Win Duncan, a 40-year-old history professor in New Hampshire, has lost the spark of his youth, the love of his wife, and the chance at earning tenure at Mercy College. Defeated and settling in for old age, Win gets a call from an old friend and troublemaker, Phil Litminov, who offers Win the chance to go back.
Litminov's mode of time travel is a little, brown pill, lovingly dubbed "Mem," which Win uses to revel in the glory of his younger selves. Win steers himself through his first blowjob, the long-forgotten pride of being admired by his wife, and his old Columbia haunts — the moments when he believed that the world was his for the taking.
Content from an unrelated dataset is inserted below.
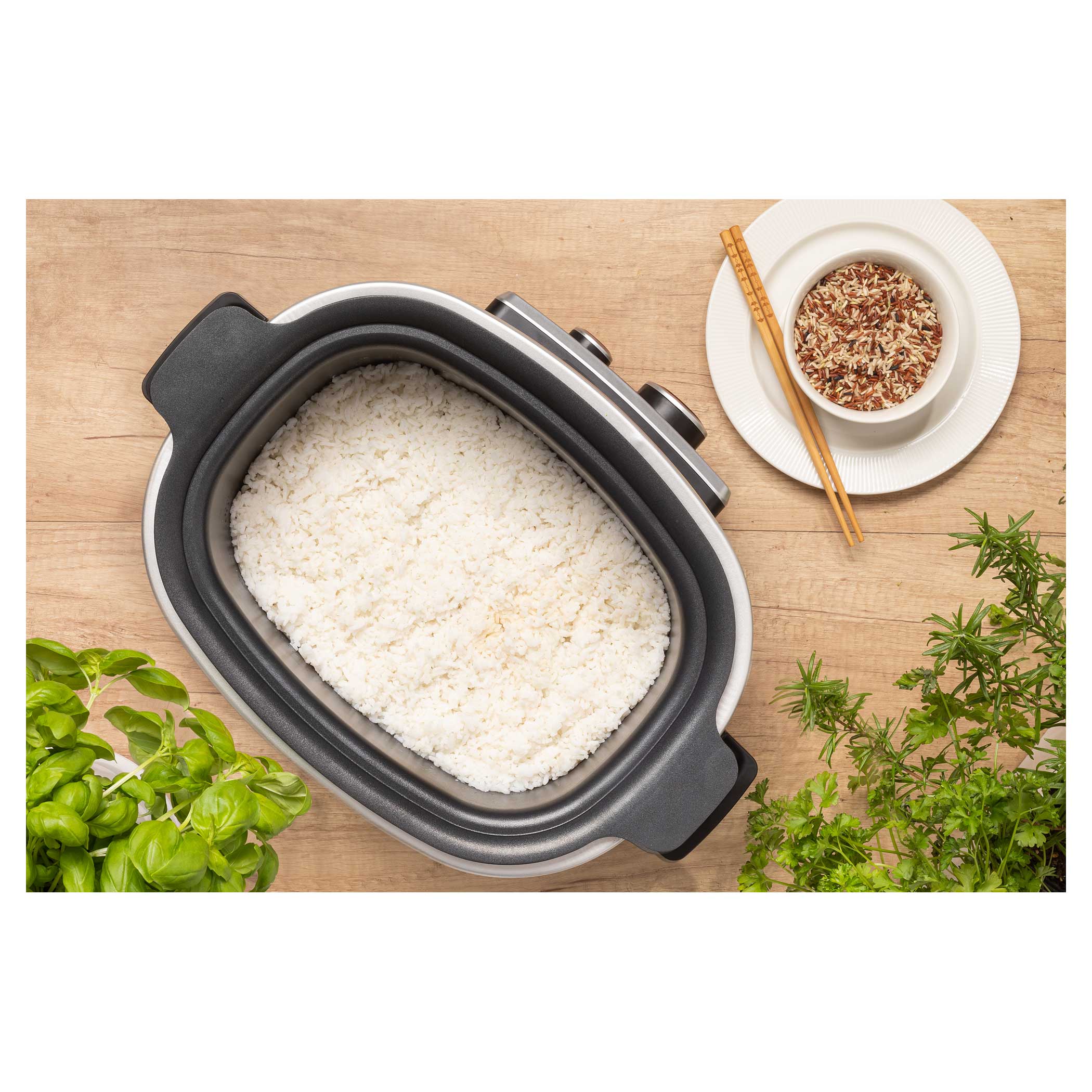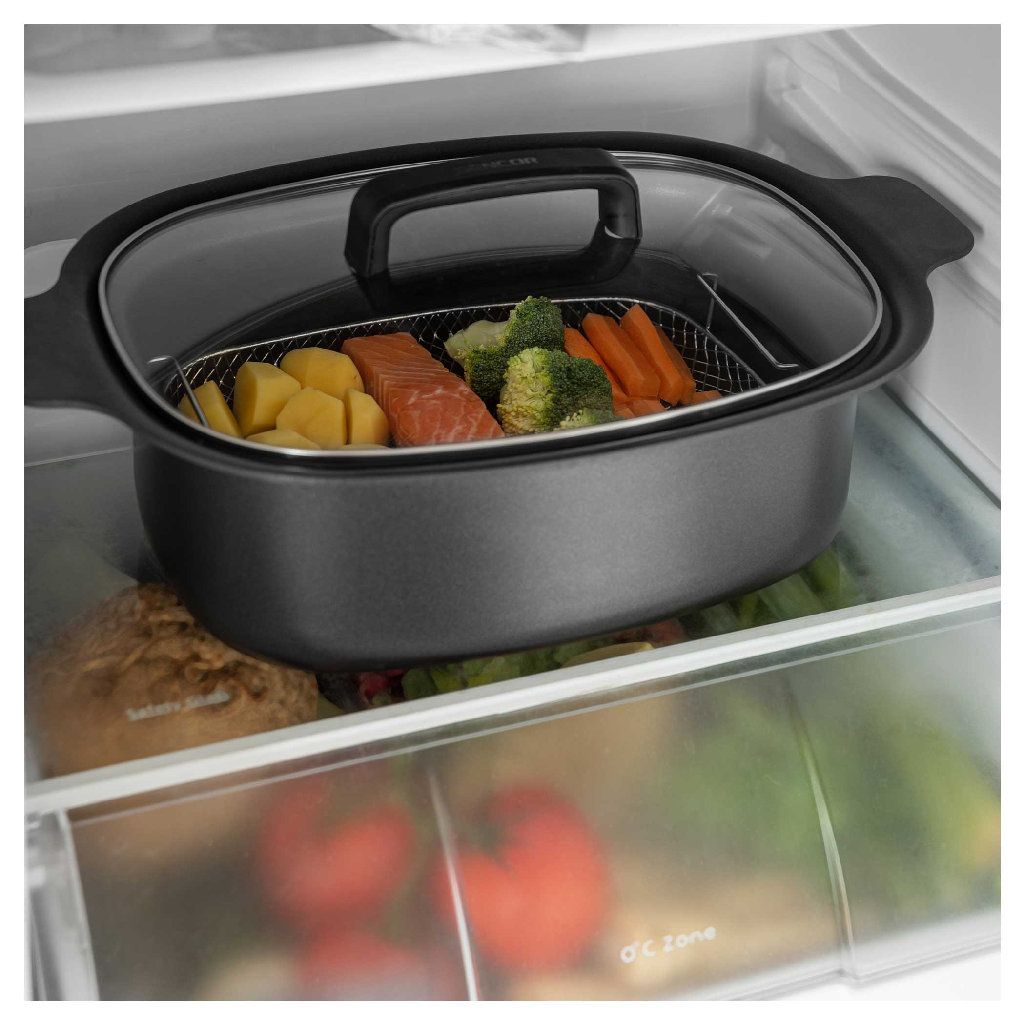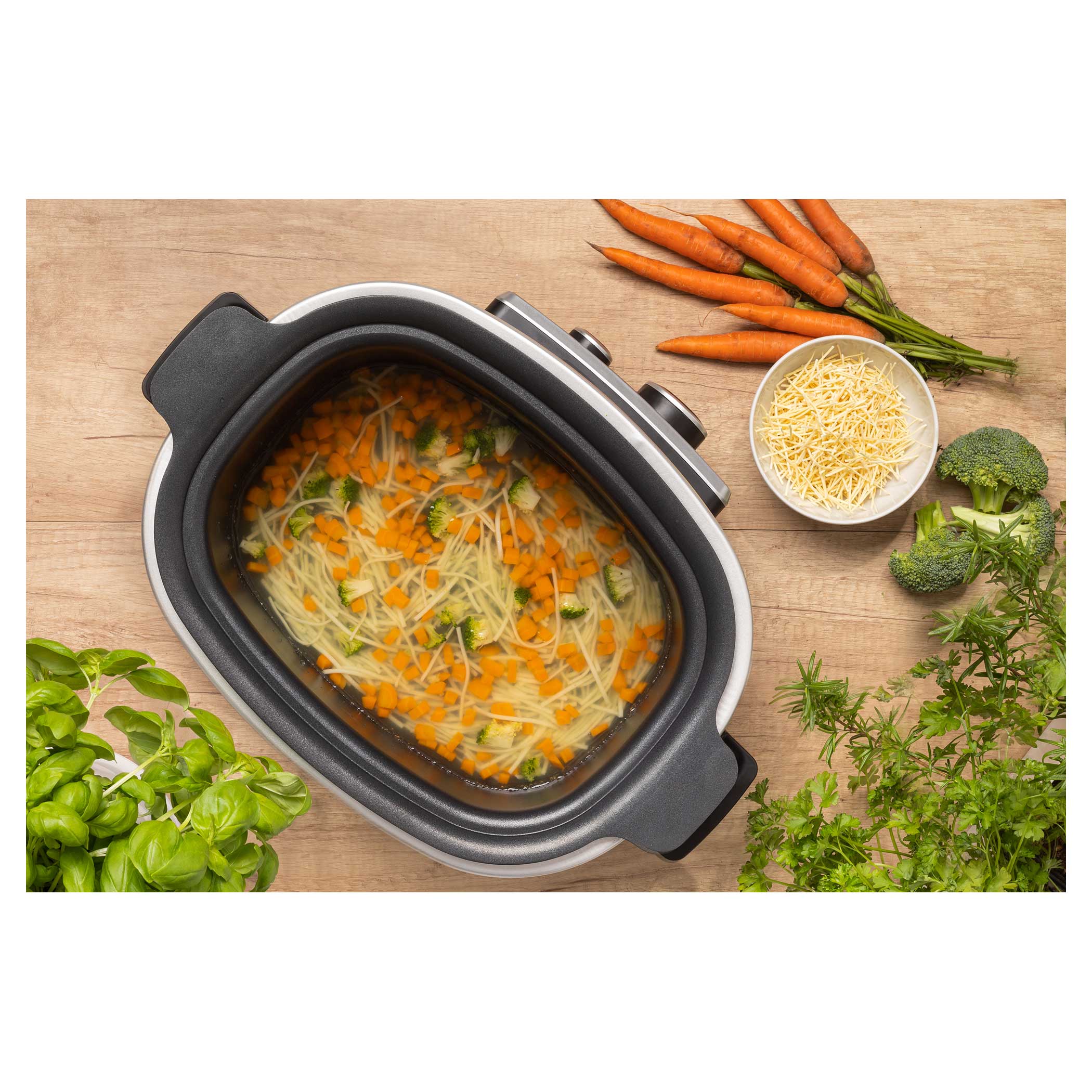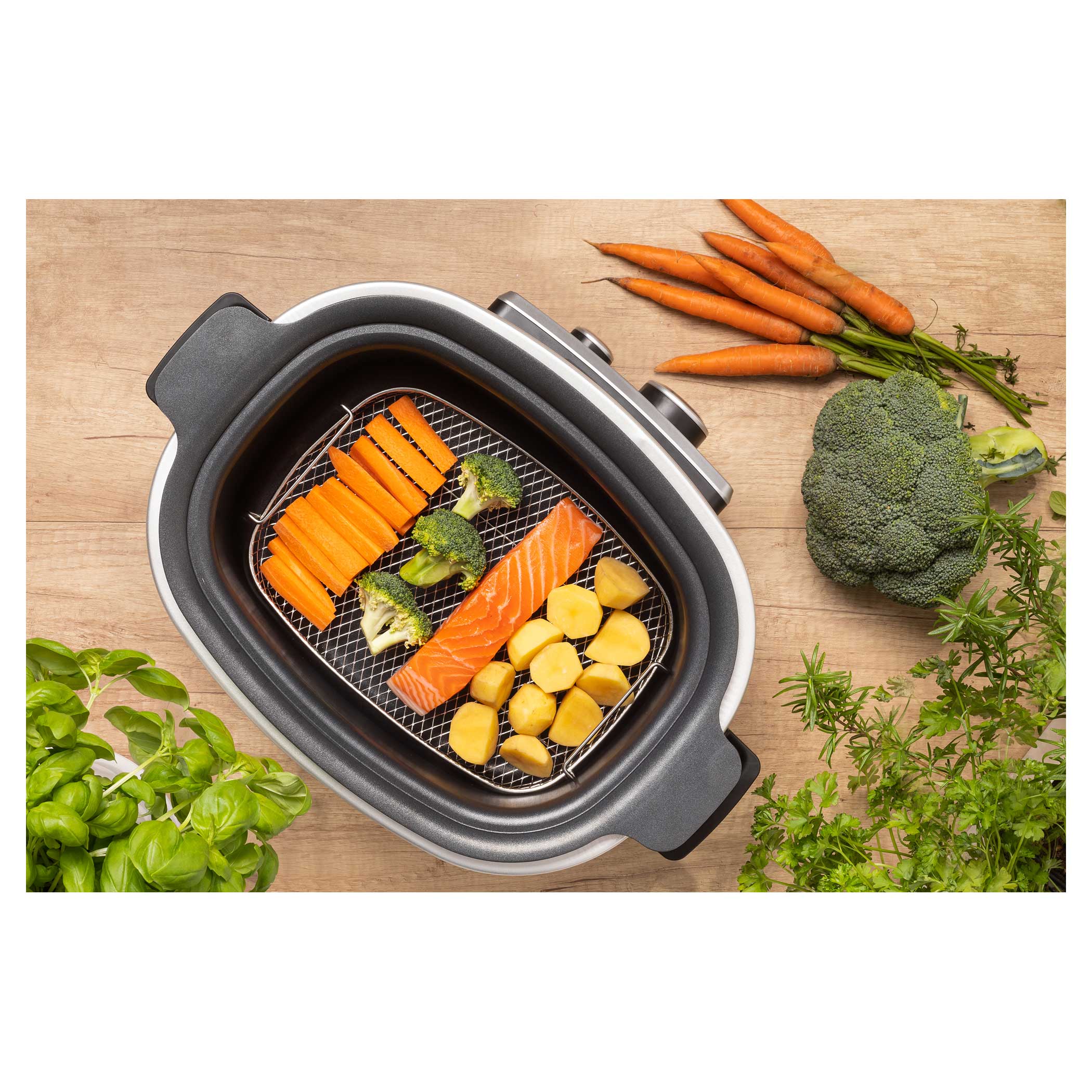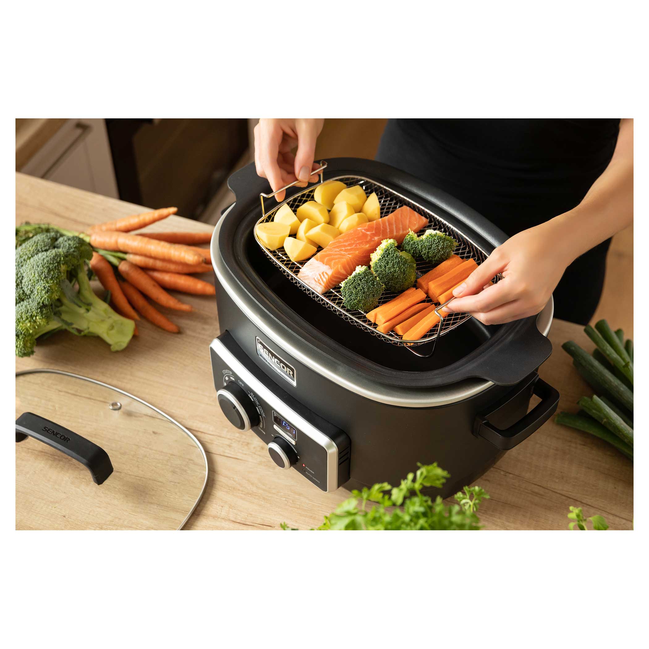 Gotowanie na parze to metoda obróbki cieplnej potraw uważana za jedną z najzdrowszych, ponieważ dzięki parze przygotowana potrawa zachowuje składniki odżywcze, witaminy i minerały. Ponieważ żywność nie jest zanurzona w wodzie, zachowuje znacznie lepszy smak i kolor. Masz ochotę na kawałek mięsa z duszonymi warzywami? Po prostu włóż kosz do gotowania na parze do wolnowara i wybierz odpowiedni tryb.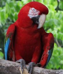 Keywords: macaw parrot bird colorful feather perched tropical red blue white wings portrait looking beak close up

While the trips are euphoric, they leave him nearly paralyzed with grief and regret, and almost unable to survive in the present day.
Like De Quincey, Win sets out to write a book that simulates the experience of taking his drug of choice, effectively drawing the reader into a nostalgic trance of real and re-crafted memories. If Mem grants Win the chance to viscerally re-enter the past, Confessions of a Memory Eater nudges readers to explore their own troves of memory and compare the person who lived them to the person who remembers them.